Frequently asked questions

What are the prerequisites for enrolling in this course?
The course does not specify any formal prerequisites. However, a basic understanding of AI technologies and familiarity with web platforms may be beneficial. The platform offers no-code customization, making it accessible to individuals without programming skills, but an interest in AI applications and chatbot development would be advantageous.
What will I be able to build by the end of the course?
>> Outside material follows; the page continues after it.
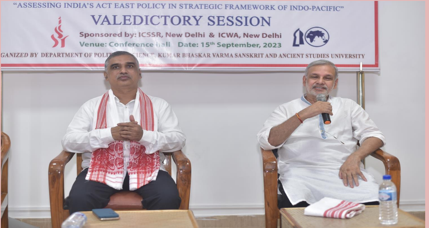
Hon'ble Vice Chancellor along with the Valedictory Speaker
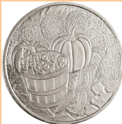
Left: 1 oz Silver Round - Thanksgiving

By the end of the course, you'll be able to deploy RAG-based chatbots capable of transforming data into interactive, monetizable AI solutions. You will learn to upload diverse document types and convert them into a functional knowledge base, implement intelligent dialogues using a sophisticated RAG pipeline, and customize chatbot features without coding.
Who is the target audience for this course?
The course is designed for entrepreneurs and business professionals looking to harness AI chatbots for commercial purposes. It's also suitable for individuals interested in starting a SaaS business, as well as those who aim to leverage their data or clients' data into revenue streams through innovative AI solutions.
How does this course compare to other AI chatbot development courses?
This course offers a unique focus on creating RAG-based chatbots with a no-code platform, simplifying the development process. Unlike other courses that may require extensive coding knowledge, this course allows for full customization via an intuitive interface, making it suitable for a broader audience. The integration of document processing and a robust RAG pipeline for intelligent dialogues distinguishes it from more general AI courses.
What specific tools or platforms are used in the course?
The course utilizes Next.js and incorporates LlamaCloud for intelligent parsing, OpenAI embeddings for semantic searches, and Supabase's HNSW vector index for efficient data retrieval. The platform itself allows for no-code customization, enabling users to adjust settings without programming knowledge. These tools collectively support the development of dependable and contextual AI chatbots.
What topics or skills are not covered in this course?
The course does not cover programming or coding skills, as it focuses on a no-code platform for chatbot development. It also does not delve into the theoretical aspects of AI or machine learning algorithms in depth, given its practical, applied approach to deploying chatbots for business use.
What is the carry-over value of this course to other careers or courses?
The skills gained from this course are valuable for careers in AI-based product development, SaaS business management, and data-driven decision-making. Understanding how to monetize AI applications and customize no-code solutions can be beneficial in various tech and business roles, as well as a foundation for more advanced studies in AI and machine learning.